County, family settle over jail inmate’s death for $675,000

Marilyn Mowan’s death was ruled a suicide. Her estate claimed she received insufficient supervision.

EVERETT — Snohomish County has reached a legal settlement with the family of Marilyn Mowan, a woman whose 2014 death at the county jail was earlier linked to drinking a lethal amount of water while locked in her cell.

Mowan lived for years with mental illness. The 62-year-old Everett woman’s death had been ruled a suicide by a former associate medical examiner for the county.

Prosecutors questioned that conclusion, and were prepared to fight a civil lawsuit in federal court alleging that Mowan’s problems had been met with indifference by jail staff. Among other things, county attorneys planned to offer testimony from a doctor who concluded that while the woman likely had consumed a lot of water before she collapsed, it wasn’t enough to cause her death. Instead, the doctor pointed to severe, long-term heart problems.

Attorneys for Mowan’s estate had filed a $5 million claim against the county last year. The $675,000 settlement the county agreed to pay is far less than what it has spent to resolve other recent lawsuits over jail deaths. As part of the agreement, the county admitted no wrongdoing.

The County Council voted 4-0 on Wednesday to authorize the settlement.

Cheryl Snow, an attorney representing Mowan’s family, did not return calls or emails about the resolution.

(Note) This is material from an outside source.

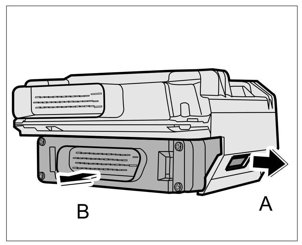 9. Release the locking lugs on both sides -A- and pull out the control unit -B-.
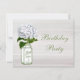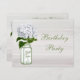 Elegante rustikale Landgeburtstags-Party Einladungen für Frauen und Jugendmädchen mit einer niedlichen Vintagen Blumenillustration des grünen und weißen Glasball-Maurerglases und des hübschen weißen Hydrangea auf einem grauen hölzernen Effekthintergrund des stilvollen Shabby Chic. Nobles, modisches, modernes, girly modernes lädt perfektes für Frühling, Sommer, Fall/Herbst und Winterereignisse ein. Aller Text kann leicht besonders angefertigt werden, um Ihren Bedarf zu erfüllen und Sie können die Schriftartart, -farbe und -größe des Schriftartes ändern, wenn Sie wünschen. Wenn Sie irgendeine Unterstützung benötigen, die Ihr Produkt in Verbindung treten besonders anfertigt mit mir bitte, durch meinen Speicher und ich bin glücklich zu helfen. MERKEN SIE BITTE: Alles lädt auf Zazzle haben Ebenedruckbilder ein.

Snow also represented the family of Michael Saffioti, who died in the jail in 2012, at the age of 22. He suffered from asthma and severe allergies. The county settled that case in 2015 for $2.4 million. Another jail death from 2011, where a young woman died slowly from an untreated lung infection, ended in a $1.3 million settlement.

Legal papers filed in in U.S. District Court in Seattle this summer showed a wide gulf between the parties and their theories in Mowan’s case. They didn’t even agree on how she died.

Mowan had been diagnosed with chronic mental illness and a psychiatric disorder that caused her to drink too much water. The problem was so severe that she’d been hospitalized during a previous jail stay after she developed water intoxication and a sodium imbalance.

She had been living in Compass Health mental health housing. Her final arrest came after she slapped a nurse at a triage center in Everett, a place set up to steer people in mental health crises away from the criminal justice system.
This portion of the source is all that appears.